Existing code might be expecting IllegalStateException and do handling. Can
we define a class that extends IllegalStateException instead of using
SparkException?
##########
connector/kafka-0-10-sql/src/main/scala/org/apache/spark/sql/kafka010/KafkaContinuousStream.scala:
##########
@@ -92,13 +93,18 @@ class KafkaContinuousStream(
val deletedPartitions =
oldStartPartitionOffsets.keySet.diff(currentPartitionSet)
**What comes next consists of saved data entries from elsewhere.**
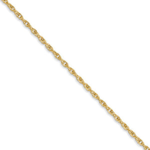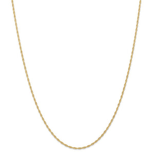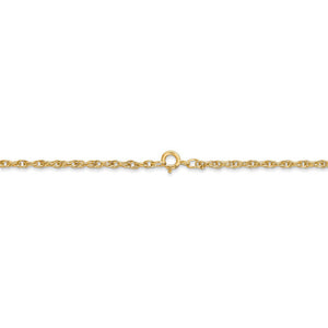 Classic appeal with a modern design, this solid-link cable rope chain created from polished 14k yellow gold is finished with a spring-ring clasp and perfect for displaying lightweight charms or pendants. This delicate necklace chain is 1.55mm in width by 24-inches in length. Made in the U.S.A.
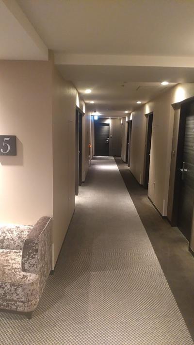 エレベーターを降りると吹き抜けになっており、通路は屋外です。マンションのような構造なので、冬場は冷たい風が吹き込んで寒いです。
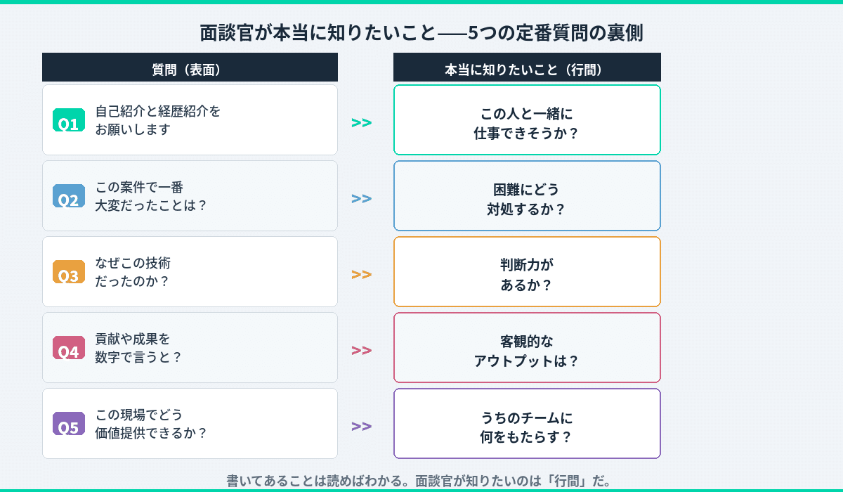 面談で必ず聞かれるスキルシートの行間——5つの定番質問と準備の型
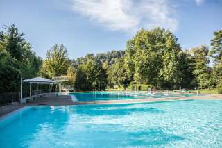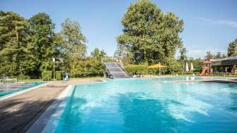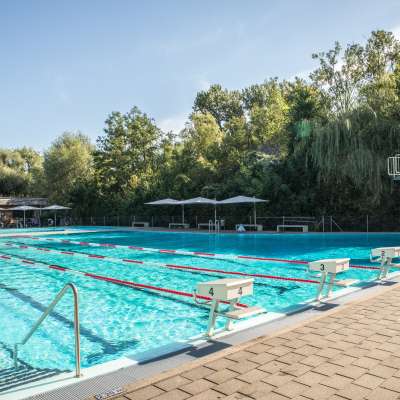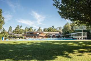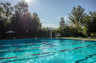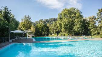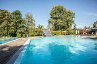 Das Schwimmbad liegt direkt neben dem Campingplatz Flaach.
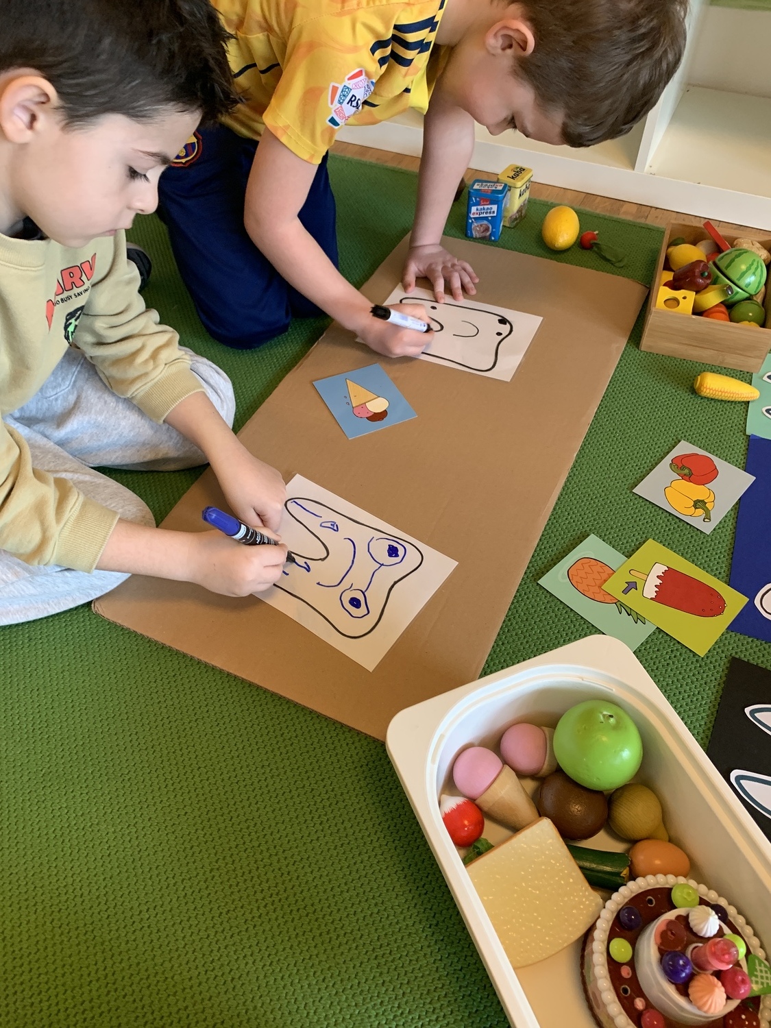 Ein weiterer Schwerpunkt liegt auf der bewussten Auseinandersetzung mit Zahnpflege. Warum putzen wir unsere Zähne? Wer freut sich mehr, wenn du putzt: du oder deine Zähne? Woher wissen Zähne, ob etwas gut oder schlecht für sie ist? Spielerisch lernen die Kinder, dass gesunde Ernährung und regelmäßiges Putzen zusammengehören. Gemeinsam betrachten wir Lebensmittel und überlegen, welche Speisen den Zähnen guttun und welche ihnen schaden können. Dabei wird nicht mit Verboten gearbeitet, sondern mit Verständnis und Maß.
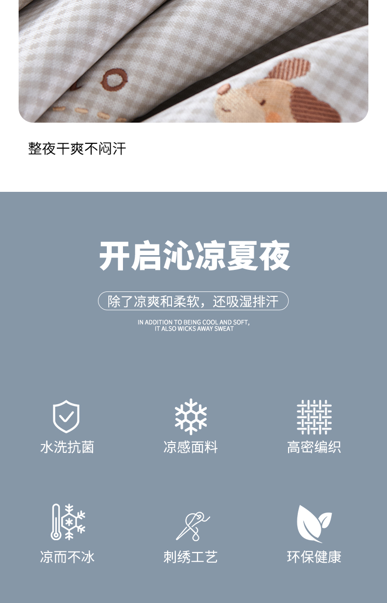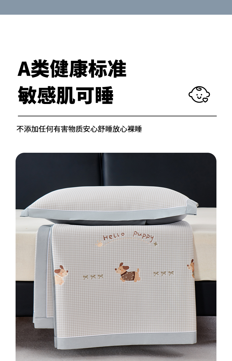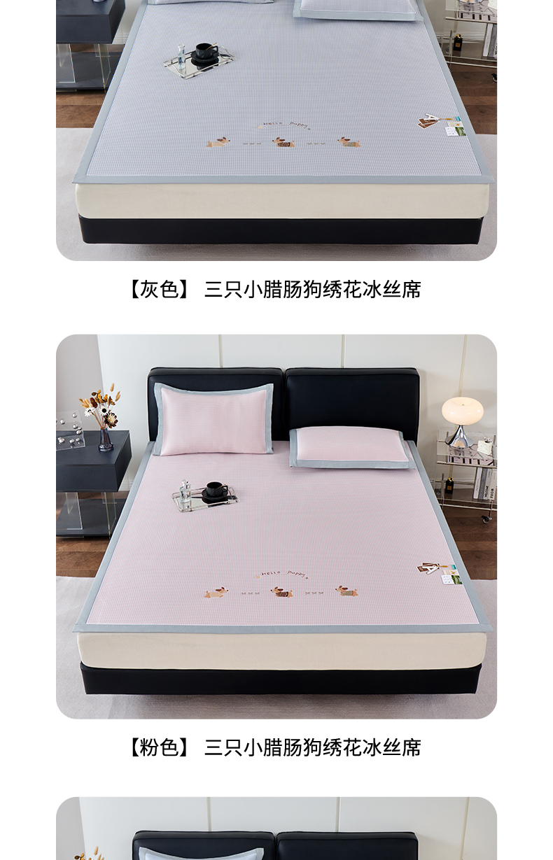 商品名称:小牛席业 2026新款腊肠狗绣花凉感冰丝席凉席席子 腊肠狗-蓝色
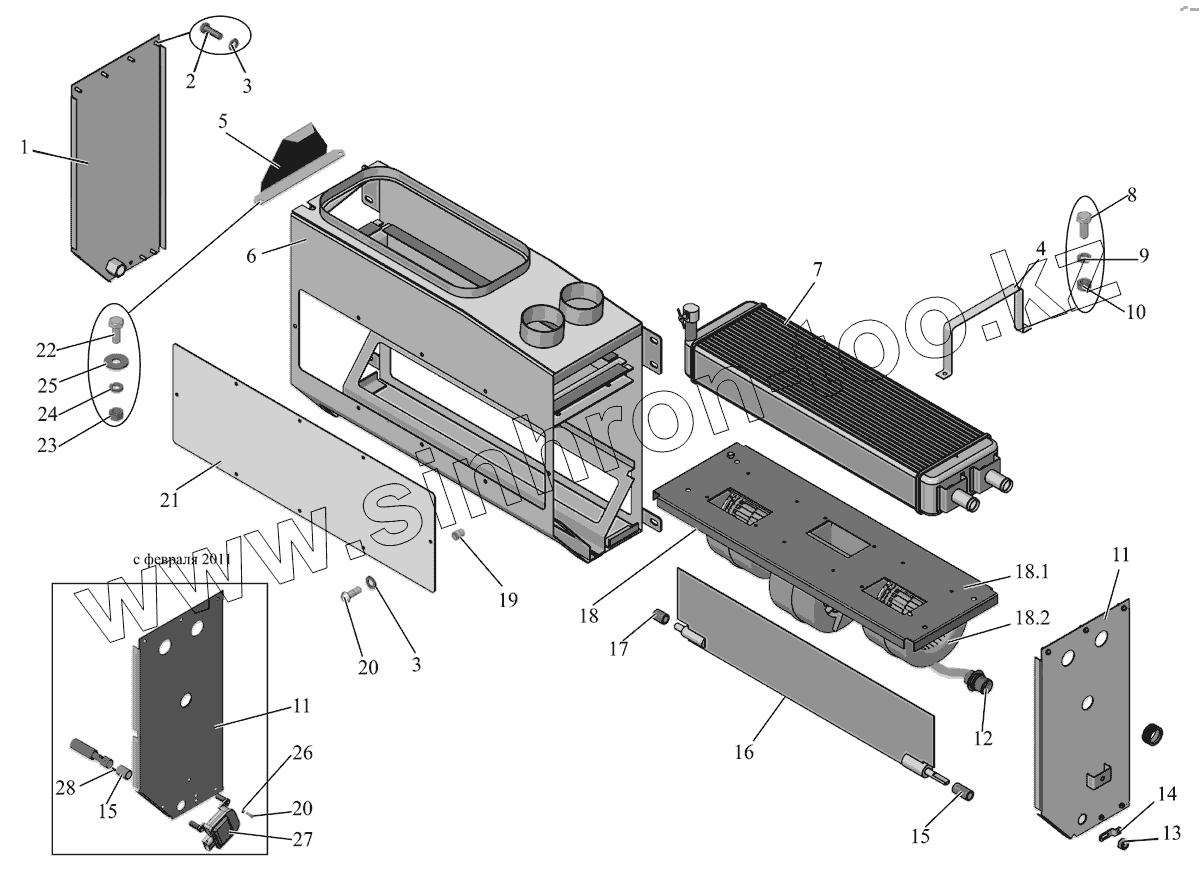 Каталог запасных частей к технике: АМАЗ МАЗ-206/226. Фронтальный отопитель
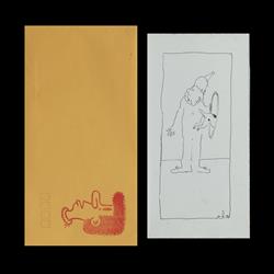 KINGSTON, Peter (1943-2022) Boofhead Initialled 'P.K.' and pencil inscription to base 'No 1 for Sal & Dior'. Together with a Peter Kingston designed card for Martin Sharp's memorial, 2013 Painted Plaster (H33cm)Estimate $800-1,200
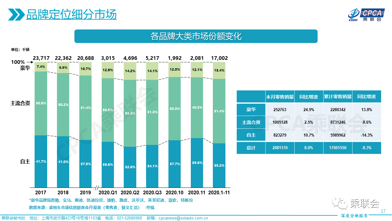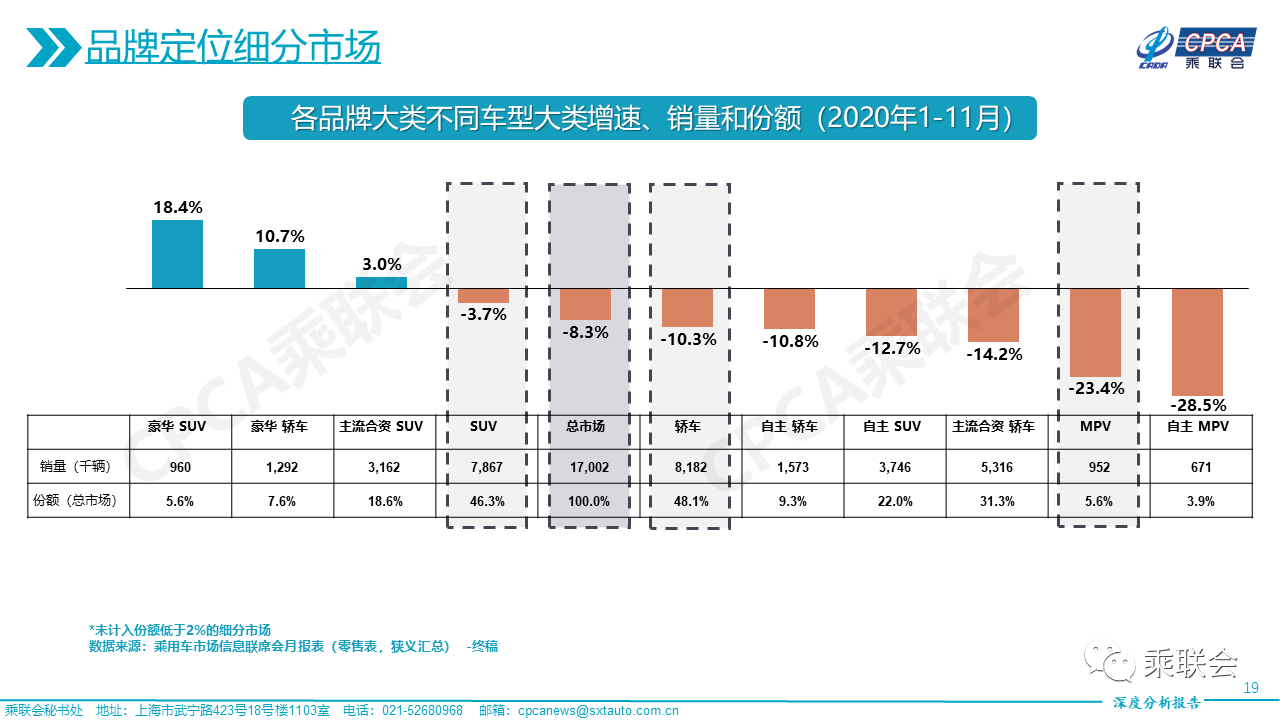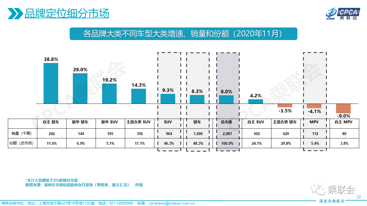 • 各品牌大类下不同车型大类增速、销量和份额——2020年11月及累计
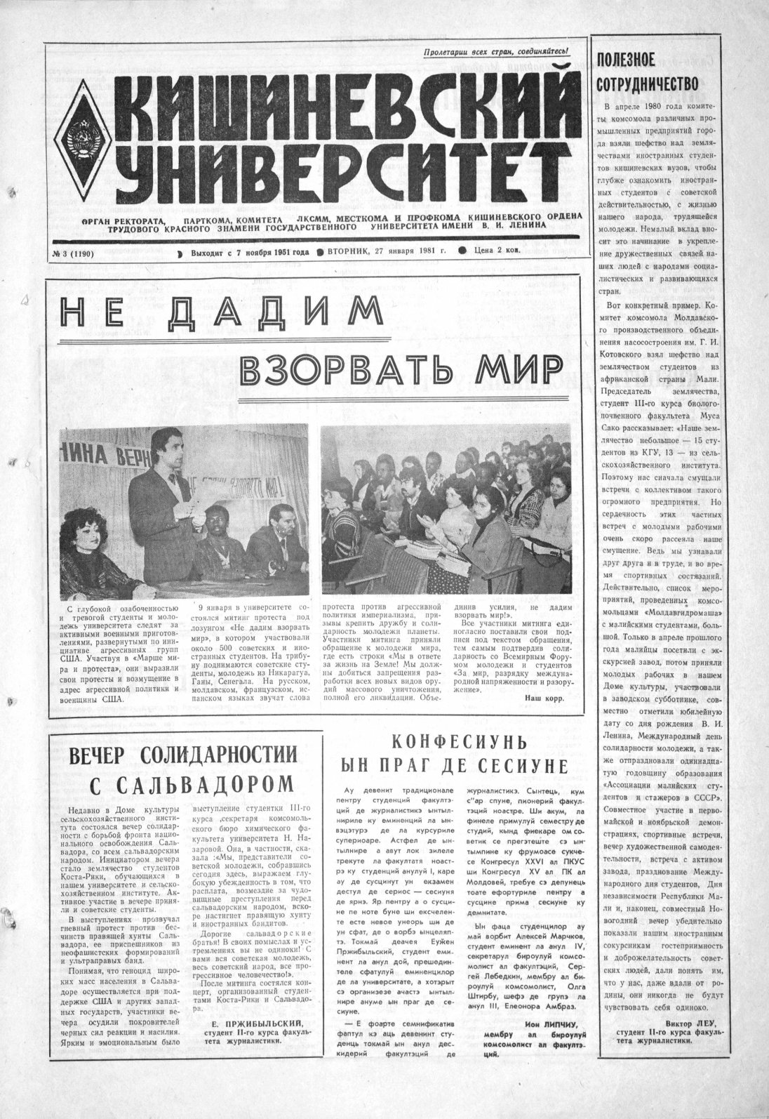 Ziarul USM – Nr. 3 (1190) 27 ianuarie 1981

if (deletedPartitions.nonEmpty) {
- val message = if (
-
offsetReader.driverKafkaParams.containsKey(ConsumerConfig.GROUP_ID_CONFIG)) {
- s"$deletedPartitions are gone. ${CUSTOM_GROUP_ID_ERROR_MESSAGE}"
+ if
(offsetReader.driverKafkaParams.containsKey(ConsumerConfig.GROUP_ID_CONFIG)) {
+ reportDataLoss(
+ s"$deletedPartitions are gone.${CUSTOM_GROUP_ID_ERROR_MESSAGE}",
+ () =>
+
QueryExecutionErrors.partitionsDeletedAndGroupIdConfigPresentKafkaError(
+ deletedPartitions.toString,
+ ConsumerConfig.GROUP_ID_CONFIG))
} else {
- s"$deletedPartitions are gone. Some data may have been missed."
+ reportDataLoss(
+ s"$deletedPartitions are gone. Some data may have been missed.",
+ () =>
QueryExecutionErrors.partitionsDeletedKafkaError(deletedPartitions.toString))
Review Comment:
It took me a bit to understand this logic and this appears more than once.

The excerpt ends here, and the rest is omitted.